Mas ela também enfatizou a necessidade de fornecer água potável às pessoas e de identificar edifícios danificados que ainda representam perigo. “Precisamos ter certeza de que não teremos um desastre dentro de um desastre”, disse ela em comunicado.
Ao cair da noite de domingo, famílias cujas casas tinham sido destruídas ou não eram seguras prepararam-se para dormir atrás de abrigos improvisados de tecido colorido e lonas plásticas presas por pedras ou em tendas amarelas fornecidas pelos bombeiros. Outros preocupados com os tremores secundários dormiram ao ar livre.
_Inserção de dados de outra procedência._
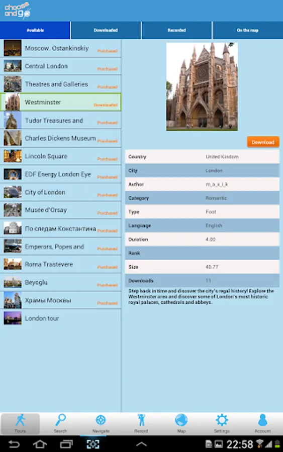 Record your own tour and share it with friends.
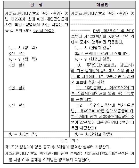 개정 내용의 실효성을 높이기 위해 공인중개사가 확인․설명한 내용은 ‘중개대상물 확인․설명서’에 명기하고, 공인중개사․임대인․임차인이 같이 확인․서명토록 했다.
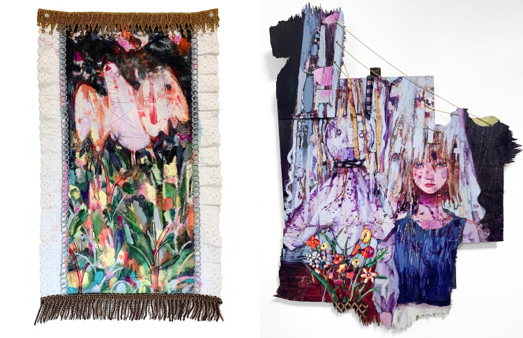 画像左「音へ向かえ」74cm×47.5cm 布にアクリル絵具
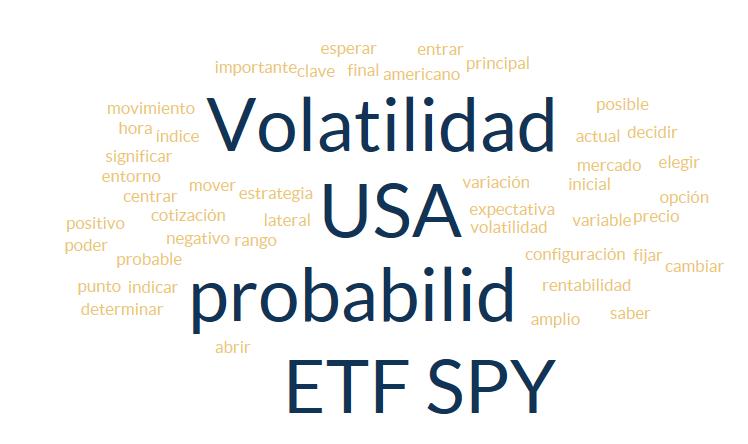 Si nos centramos únicamente en el principal índice del mercado USA, en el SP500 y más concretamente en el ETF SPY, una expectativa lateral podría significar que se moviera unos 10 puntos por arriba o por debajo de su cotización actual. El rango de 195-215 es muy probable para finales de año. Ya sé que es un rango muy amplio, pero es lo que indica la probabilidad. Si ahora nos centramos en su nivel de volatilidad implícita, 13%/14% es la actual, podríamos tener un incremento de +2% en caso de retroceso del precio, y de un descenso del -1.5% en caso de que el precio tuviera un movimiento lateral alcista. Veo poco probable que tengamos grandes variaciones de volatilidad.
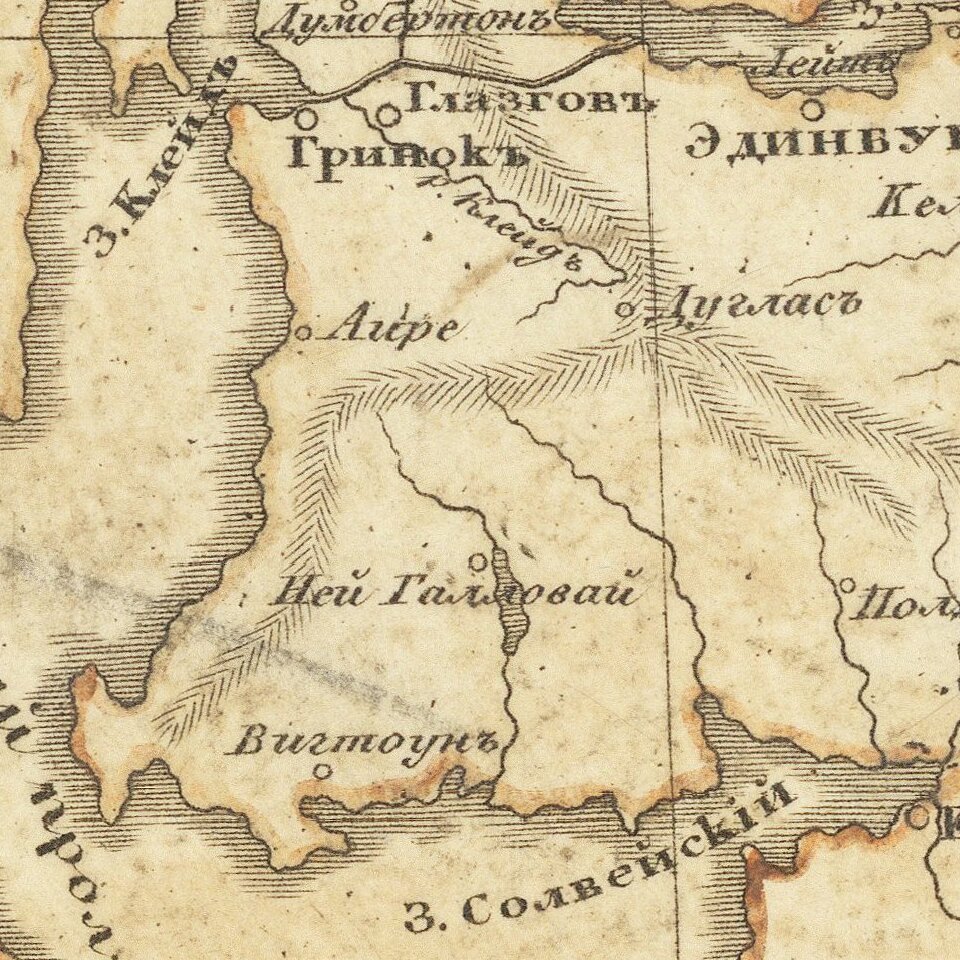 Detailed and very rare Russian-language map of England, Wales, Scotland, and Ireland, published in Saint Petersburg in 1836.

Em aldeias como Azgour, que fica entre dois cumes das Montanhas Atlas a sul de Marraquexe, as casas são normalmente construídas com tijolos de barro, um método de construção tradicional que as deixa altamente vulneráveis a terramotos e chuvas fortes. O terremoto reduziu metade das casas em Azgour a escombros e deixou as restantes inabitáveis.
Mais de 300 mil civis em Marraquexe e arredores também foram afetados pelo terremoto, segundo um relatório da Organização Mundial da Saúde. Dezessete pessoas morreram na região de Marraquexe, informou no domingo o Ministério do Interior de Marrocos. Mas Marraquexe e a sua Cidade Velha murada, Património Mundial da UNESCO, parecem ter sido poupadas de grandes danos.
Alguns marroquinos saudaram com resignação a resposta anémica do governo ao desastre. Ainda estão frescas as memórias de um terramoto de 2004 que foi um dos mais devastadores dos últimos anos: então o primeiro-ministro não visitou imediatamente as áreas mais atingidas porque o protocolo determinava que ele não comparecesse perante o rei.
Não que o país tenha uma grande tolerância à indignação pública. A lei marroquina criminaliza as críticas ao rei, o que pode ajudar a explicar a resposta silenciosa dos marroquinos.
No domingo, ficou claro que as aldeias ao longo das montanhas do Atlas – mesmo aquelas a apenas uma ou duas horas de Marraquexe, uma grande cidade – estavam a receber pouca ou nenhuma ajuda oficial. As ambulâncias eram uma visão rara, com a maioria dos feridos que foram retirados dos destroços levados para os hospitais de Marraquexe em carros particulares ou motocicletas, se é que conseguiram sobreviver.
Jenny Gross relatou de Londres. Anushka Patil contribuiu com reportagens de Nova York.